Variation in Nutrient Load
There is tremendous variation in the nutrient loads of rivers, both through space and time. For example, nitrogen and phosphorus both accumulate down a watershed as successively larger drainage areas are integrated. These two nutrients also vary significantly with the seasons. Nitrogen and phosphorus concentrations are highest in the late winter and early spring. This is due to factors associated with winter and spring runoffs, such as the release of nutrients stored in snow and ice. These seasonal peaks are most pronounced in the headwaters of the watershed.
The Riparian Zone
Buffer strips of stream bank vegetation, called riparian zones, are very important in nutrient cycling. The plants serve to "clean" the water before it enters the stream by removing excess nutrients such as nitrogen. This can be particularly important in regions where human activity drastically increases the nutrient load, such as heavily fertilized agricultural fields. Riparian vegetation can also be important in reducing erosion of the channel banks.

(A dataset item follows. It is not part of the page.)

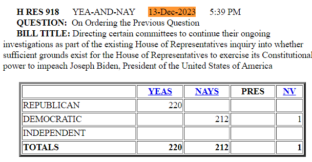 At some point between now and July the Republicans will ~probably~ have the votes to pass this impeachment resolution. But the whole thing is just an embarrassment now, and may well be more harmful than helpful for electoral/political purposes. The incompetence is mind-boggling.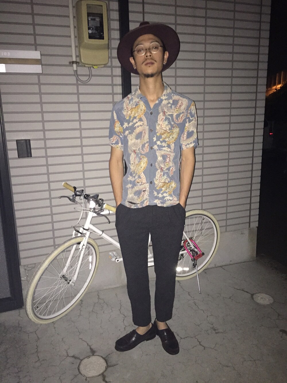 龍の和柄シャツをカッコよく着こなせたらと思いコーディネートしてみました! ブラウン系のハットと靴でバランスをとりながら間に和柄シャツをいれる事でインパクトがでるスタイルではないでしょうか!

The color of water is a function of its chemistry. The transparency and external appearance of a river is largely determined by its sediment load. Generally only springs and mountain streams (i.e., headwaters) are clear, whereas large downstream rivers are usually fairly opaque (cloudy) since light falling on them is reflected by silt particles. Depending on the nature of the suspended particles, the river may take on a characteristic milky-white, greenish, brownish or yellow color. For example, glacial meltwaters are often milky-white due to the presence of large quantities of rock flour. In many cases the color depends on the types of organic materials leached from the surrounding vegetation.
The presence of dissolved oxygen is vital to the survival of most aquatic organisms. The dissolved oxygen content (DOC) of a river is subject to physical, chemical and biological controls. The ultimate source of oxygen in water is the atmosphere, although its solubility in river water depends heavily on temperature and pressure. Unpolluted rivers tend to be saturated or even supersaturated with oxygen (100% or more) due to the mixing effect of turbulent flow and the extensive photosynthesis by river plants. The oxygen produced during the day by photosynthesis is consumed by plant and animal respiration, resulting in considerable daily fluctuations in DOC.

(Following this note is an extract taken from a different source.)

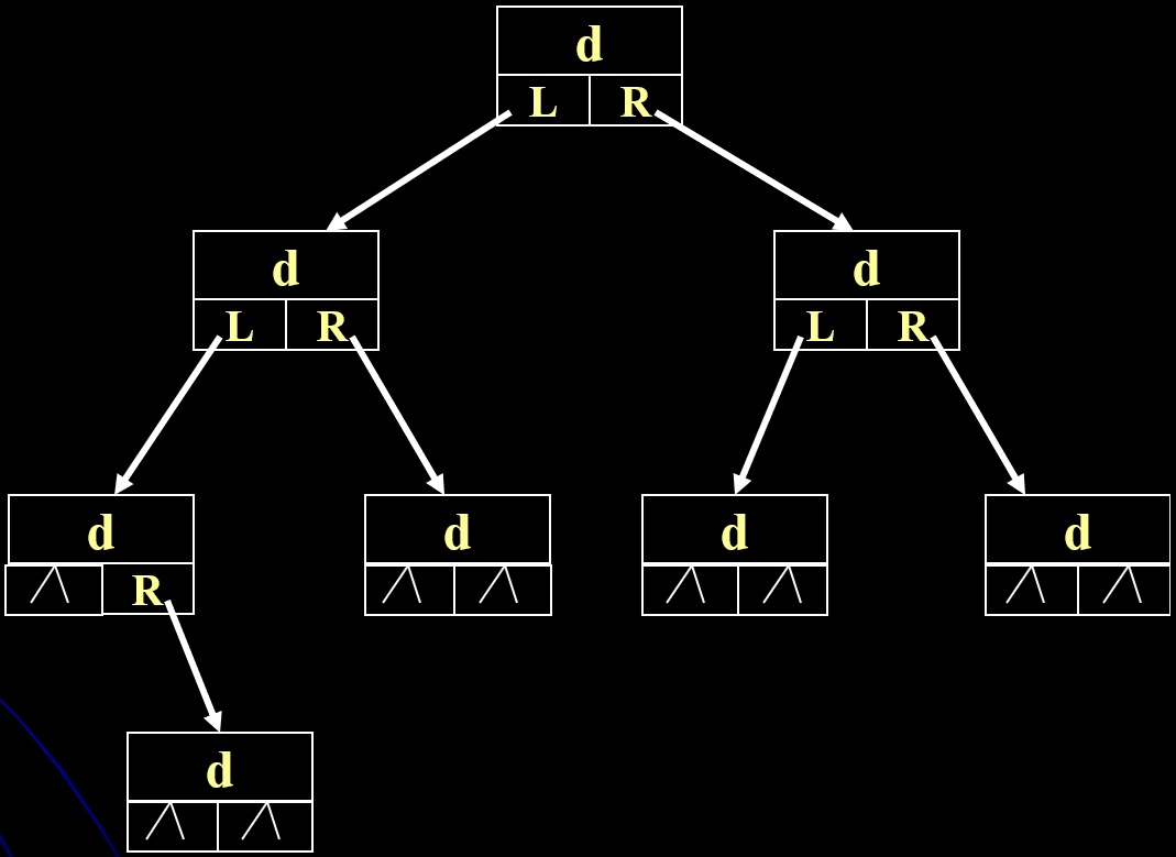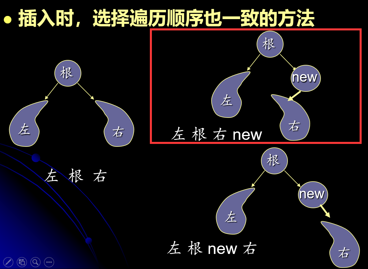 新元素小于k,且k左子树为空,则成为k的左孩子;

There is also seasonal variation corresponding with fluctuations in photosynthesis and temperature (oxygen solubility varies inversely with temperature). Winter ice cover may reduce DOC by reducing photosynthesis and preventing the mixing of air and water. Larger downstream rivers may have reduced DOC because of a greater organic matter content, increased turbidity (causing reduced photosynthesis), and less mixing of the water. Some high mountain streams may also have a lower DOC because of the reduced oxygen solubility associated with the low atmospheric pressures of high altitude. In general, however, headwaters are more saturated with oxygen than lowland rivers.